Here is a brief summary of how the current ESA implementation works. As it is
the simpler case, let me start with addressing the offline case:

- Any mission for which we have taken the commitment to provide telemetry
also in offline delivery mode can activate an offline retrieval in parallel
with real-time support, i.e. during a scheduled pass at the given station,
because we include the Offline service instances in the what we refer to as
return spacecraft session on our SLE provider. In other words, a mission
having detected that they missed something in real time can perform the
retrieval during the next pass at that station. The risk is that the
retrieval might be aborted in case the data flow did not complete until the
end of the pass. If that risk is obvious from the beginning, the mission can
talk to the link operator during the pass and request that the offline SIs
will not be removed at the end of the pass. In the vast majority of cases the
extended accessibility of the offline SIs will be granted. We then expect the
mission to let us know when they are done and at that point the SIs will be
removed.

- In case missing data are urgently needed or a pass with the station where
the missing data have been acquired is not scheduled for quite some time, the
offline retrieval can also be requested via voice loop outside a pass of that
mission. The link operator will then load the SIs manually and the mission
can perform the offline retrieval in parallel with real time support of
another mission. Again we expect the mission to tell us when they are done so
that the SIs can be removed again.

- It would also be possible to to schedule offline return session the same
way as real time passes are scheduled. However, at least for the missions we
are currently supporting, offline retrieval is the exception rather than the
rule used to recover from some anomalies encountered during the real time
support. Therefore this possibility is currently not used in practice.

Let me address now the online complete delivery case.

- For most missions using the online complete delivery mode, this is done
only as a precaution. As long as things are working nominally, the rate at
which the mission control system reads the telemetry is at least as high as
the space link rate and therefore no backlog builds up on the provider side.

- Even if a small backlog built up, in general the post-pass or tear-down
time of the station will be long enough to transfer this backlog before the
SIs get removed. If the transfer is still ongoing, the process that would
normally remove the SIs runs into an error condition and the operator is
notified. At that point the operator will in general check with the mission
and permit the continuation of the data flow while the station is being
configured for the next mission. If the operator cannot talk to the mission
(e.g. unmanned operations), he will abort the SLE services and the mission
will have to retrieve the data later in offline mode.

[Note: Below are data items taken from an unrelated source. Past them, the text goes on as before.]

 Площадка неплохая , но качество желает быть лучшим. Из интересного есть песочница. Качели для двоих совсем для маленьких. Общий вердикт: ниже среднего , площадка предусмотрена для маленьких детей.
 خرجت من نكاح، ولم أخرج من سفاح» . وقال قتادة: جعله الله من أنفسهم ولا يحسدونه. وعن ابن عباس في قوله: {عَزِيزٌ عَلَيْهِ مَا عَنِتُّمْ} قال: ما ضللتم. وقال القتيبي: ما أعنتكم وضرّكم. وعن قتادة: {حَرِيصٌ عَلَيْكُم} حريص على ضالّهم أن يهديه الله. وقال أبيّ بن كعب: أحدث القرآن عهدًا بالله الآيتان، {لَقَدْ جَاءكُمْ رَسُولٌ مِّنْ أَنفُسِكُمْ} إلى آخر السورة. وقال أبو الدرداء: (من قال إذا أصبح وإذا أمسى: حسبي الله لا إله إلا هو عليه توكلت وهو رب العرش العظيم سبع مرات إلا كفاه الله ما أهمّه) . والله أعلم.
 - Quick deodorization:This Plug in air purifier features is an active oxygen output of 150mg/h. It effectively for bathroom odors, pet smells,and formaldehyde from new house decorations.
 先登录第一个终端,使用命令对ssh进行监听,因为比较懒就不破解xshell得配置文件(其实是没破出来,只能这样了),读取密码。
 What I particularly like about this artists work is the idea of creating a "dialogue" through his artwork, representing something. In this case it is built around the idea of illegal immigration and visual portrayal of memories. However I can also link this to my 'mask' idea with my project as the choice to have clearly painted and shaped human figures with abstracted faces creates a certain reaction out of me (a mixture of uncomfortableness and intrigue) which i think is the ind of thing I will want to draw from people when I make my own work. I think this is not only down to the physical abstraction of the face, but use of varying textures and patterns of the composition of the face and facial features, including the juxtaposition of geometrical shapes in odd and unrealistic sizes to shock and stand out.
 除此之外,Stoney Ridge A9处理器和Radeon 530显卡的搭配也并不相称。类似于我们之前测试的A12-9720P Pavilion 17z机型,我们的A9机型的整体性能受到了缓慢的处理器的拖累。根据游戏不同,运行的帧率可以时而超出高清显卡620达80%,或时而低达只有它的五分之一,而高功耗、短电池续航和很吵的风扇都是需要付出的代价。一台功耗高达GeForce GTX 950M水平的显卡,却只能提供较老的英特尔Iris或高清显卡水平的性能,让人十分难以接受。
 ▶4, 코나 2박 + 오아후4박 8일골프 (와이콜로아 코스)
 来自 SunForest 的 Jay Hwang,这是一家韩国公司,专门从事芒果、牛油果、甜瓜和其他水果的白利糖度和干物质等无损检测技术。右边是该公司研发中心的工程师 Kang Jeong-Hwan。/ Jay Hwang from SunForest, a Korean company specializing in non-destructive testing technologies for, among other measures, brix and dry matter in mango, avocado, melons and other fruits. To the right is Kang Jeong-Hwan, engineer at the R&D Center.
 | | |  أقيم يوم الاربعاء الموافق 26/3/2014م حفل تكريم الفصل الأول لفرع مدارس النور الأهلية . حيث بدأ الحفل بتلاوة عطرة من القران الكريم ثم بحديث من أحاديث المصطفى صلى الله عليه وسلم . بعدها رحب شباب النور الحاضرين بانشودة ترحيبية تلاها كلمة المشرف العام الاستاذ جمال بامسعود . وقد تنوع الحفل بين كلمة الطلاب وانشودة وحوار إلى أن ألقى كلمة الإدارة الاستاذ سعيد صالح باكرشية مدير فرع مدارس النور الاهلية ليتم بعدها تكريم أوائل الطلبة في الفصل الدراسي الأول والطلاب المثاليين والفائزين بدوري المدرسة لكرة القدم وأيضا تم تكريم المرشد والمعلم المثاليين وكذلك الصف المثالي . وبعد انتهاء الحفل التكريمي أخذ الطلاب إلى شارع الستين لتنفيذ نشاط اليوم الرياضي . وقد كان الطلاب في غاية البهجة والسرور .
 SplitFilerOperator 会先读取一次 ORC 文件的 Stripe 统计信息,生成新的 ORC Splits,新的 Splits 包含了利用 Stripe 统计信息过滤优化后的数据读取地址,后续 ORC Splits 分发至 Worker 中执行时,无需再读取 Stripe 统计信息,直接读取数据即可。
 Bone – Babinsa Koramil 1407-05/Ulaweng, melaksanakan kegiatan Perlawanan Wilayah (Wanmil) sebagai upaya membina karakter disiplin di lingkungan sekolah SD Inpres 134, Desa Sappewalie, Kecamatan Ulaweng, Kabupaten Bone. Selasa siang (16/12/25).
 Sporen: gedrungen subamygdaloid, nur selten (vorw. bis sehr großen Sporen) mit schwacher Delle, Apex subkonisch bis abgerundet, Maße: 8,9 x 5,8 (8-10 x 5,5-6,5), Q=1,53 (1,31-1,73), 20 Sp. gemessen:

- We have a few cases where the space link rate is higher than what the
mission control system can digest and where as a consequence a backlog always
builds up. For those missions the pass timelines are made such that the the
SIs are not removed at the end of the pass and therefore the mission can
continue with the data flow. Once again we expect the mission to let us know
when they are done so that the SIs can be removed.

The current SLE provider implementation supports up to four concurrent return
sessions, i.e. up to four spacecraft can be services concurrently. This limit
dictates that at some point the SIs have to be removed so that there is room
for the next mission to be supported. The prime driver for this limit is that
we want to monitor individual service instances. When allowing even more
concurrent return sessions, the SI monitoring becomes unmanageable from a
human user perspective.

In terms of bandwidth management the offline retrieval is not regarded
critical. All such transfers fall into the so called default class which will
get the bandwidth not consumed by other higher priority traffic. What we
observe for our network is that in general the mission control system is
limiting the throughput rather than the comms line. The online complete
traffic uses a dedicated higher priority throughput class where the
scheduling is done such that we support concurrency of missions only up to
the point where the sum of the concurrent data streams fits into the
guaranteed bandwidth allocated to this class.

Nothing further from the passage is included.